A year ago I was working on Jerusalem and now I find myself in a very different conflicted, although not warring, city Monrovia, Liberia. While it seems fairly accepted and certainly widely reported that the civil war, which by most accounts began in 1989 and ended in 2003, smacked of tribal divisions, this verbiage is almost non-existent today. Tribal ties are certainly discussed when speaking of the war but these divisions are not the crevasses that historians claim or are at least are no longer the dividers of the people. People can tell by last names and appearance the tribe that someone else comes from but there seems to be no real issue; it’s more like commenting about which State someone comes from or discussing the weather. The exception being the Mandingo tribe which is predominantly Muslim and thus has different clothing and customs, and unfortunately, as Muslims, they are lumped into what I do consider the division – foreigners and Liberians.

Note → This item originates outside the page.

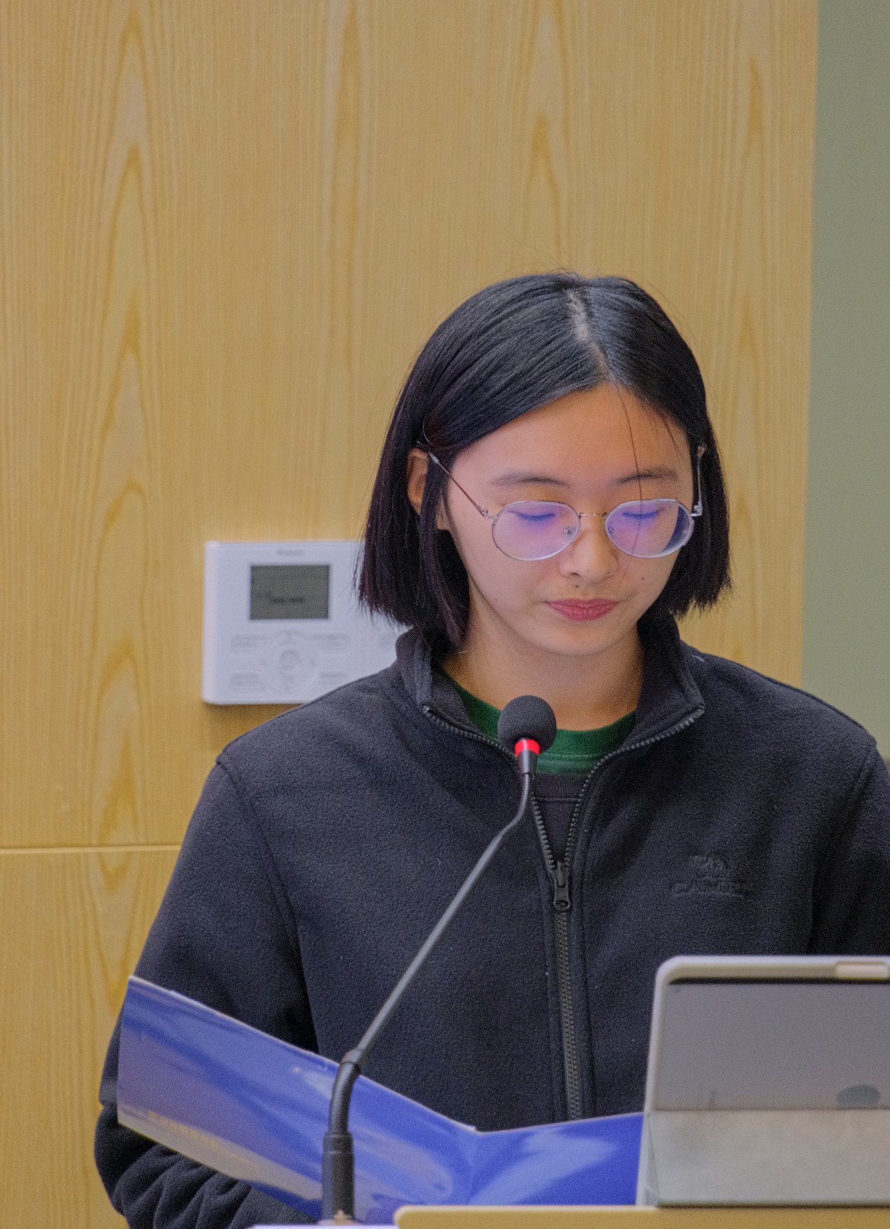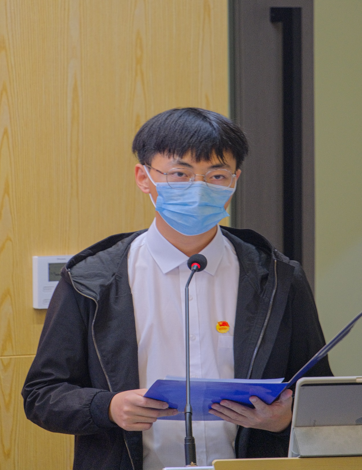 校团委社会实践部休闲小栈负责人施丛杨同学发言,他介绍了学校暑期“三下乡”社会实践开展的情况,希望休闲小栈 不断加强与校团委、各二级休闲小栈 团委联动,组织策划更多有意义的社会实践活动。
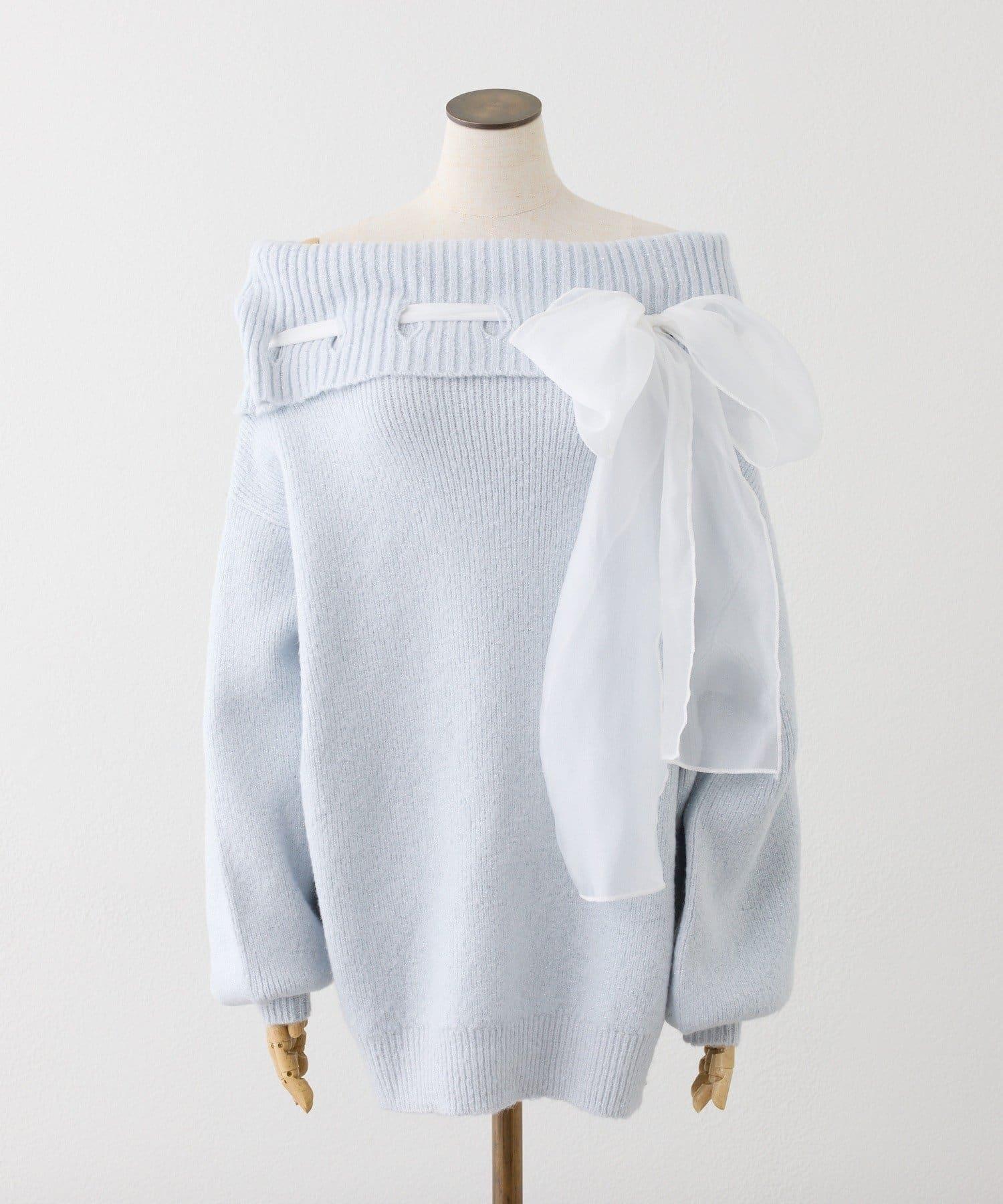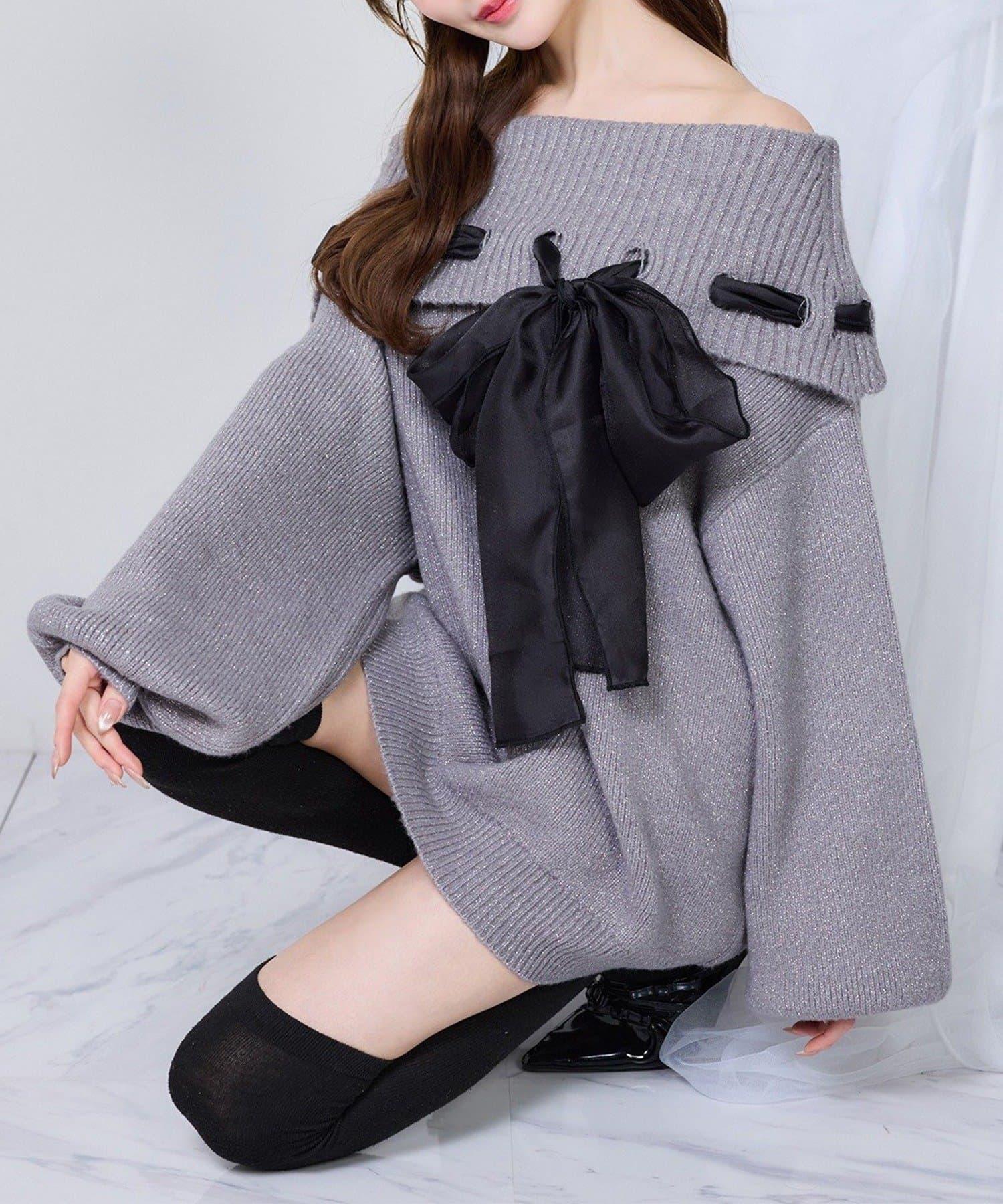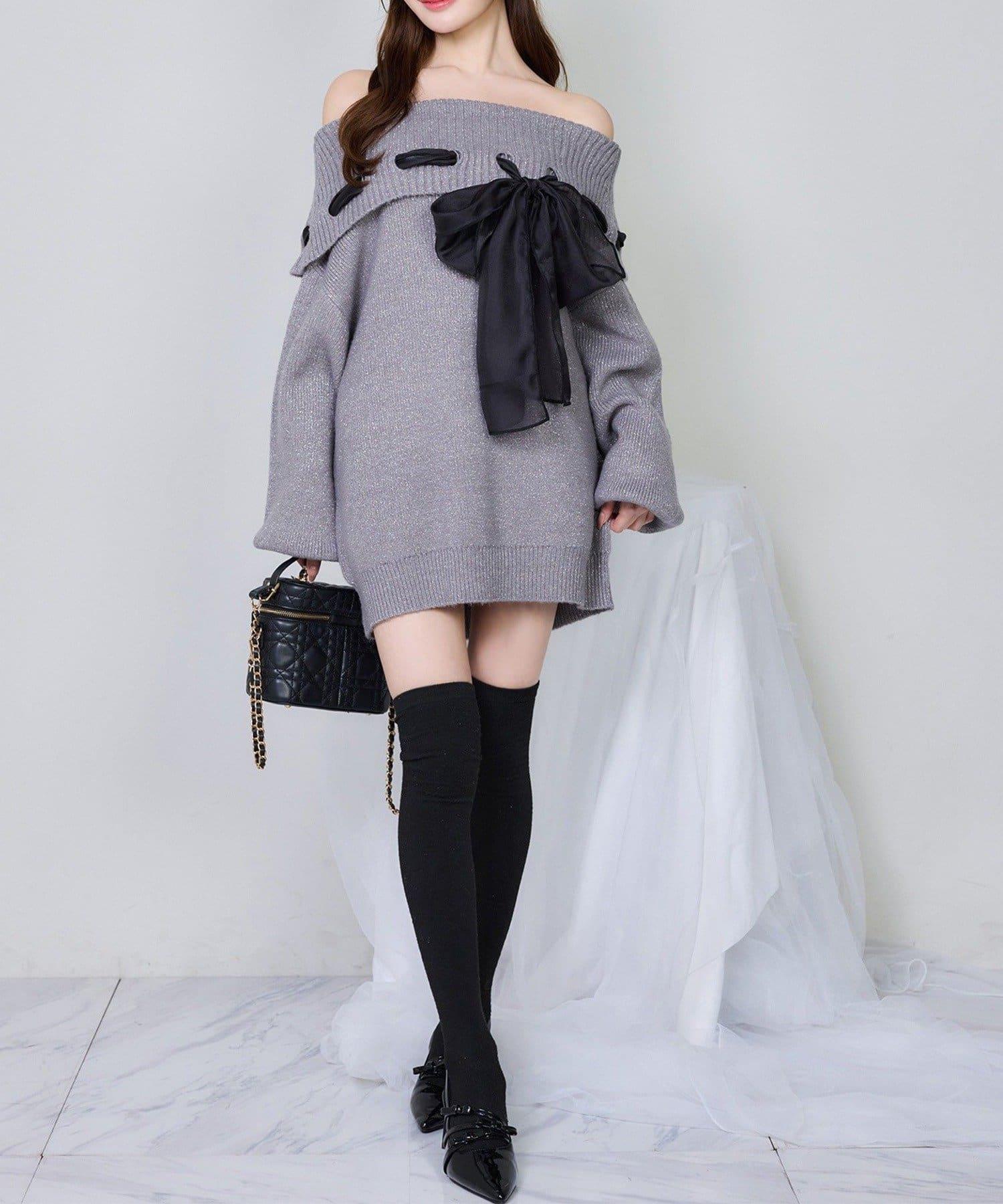 one after another 蝴蝶結裝飾 一字肩 針織連衣裙

Seven years after their civil war, there is little progress in this tiny country of about 4 million people. While I did not see the total destruction of the war, I see the bombed out carcasses of homes, hotels and businesses, the stripped deteriorating frames of buildings, and the lack of publically-provided physical infrastructure. The country teeters on the brink of reemergence and chaos. Stability and peace are not foregone conclusions and rule of law is still establishing itself as the best alternative to resolving conflict. Tempers flare easily and physical violence sits perched ready to swoop in at a moment’s notice in any situation, although luckily this has not happened too much, perhaps in large part because of the large number of UN troops present.
Unlike Jerusalem, Belfast, or Nicosia, Monrovia is not divided physically into “sides.” People from all tribes intermingle in the capital, having been shuffled by the war. The more affluent people and the business class live interspersed with Liberians who could barely be considered to have a home. Small lean-tos and roof-less apartments are beside newer or repaired apartments and houses. The businesses show more of a spatial divide with the main drags having foreign-owned shops set back from the street and Liberian peddlers sitting close to the road in tiers of economic stratification, with the poorest being on the street weaving amidst the cars with just a few items in their hands to sell.
In part because of the large amount of UN troops and international non-governmental organizations (iNGOs) which pump money into the economy, Liberians are very dependant and enabled by most of the foreign assistance. The rural communities see the iNGOs and UN more as a hand-out or passerbys who are just temporarily in their country, while there is much more tension regarding them and the foreign business owners. Closer to the city, Liberians frequently group all foreigners together.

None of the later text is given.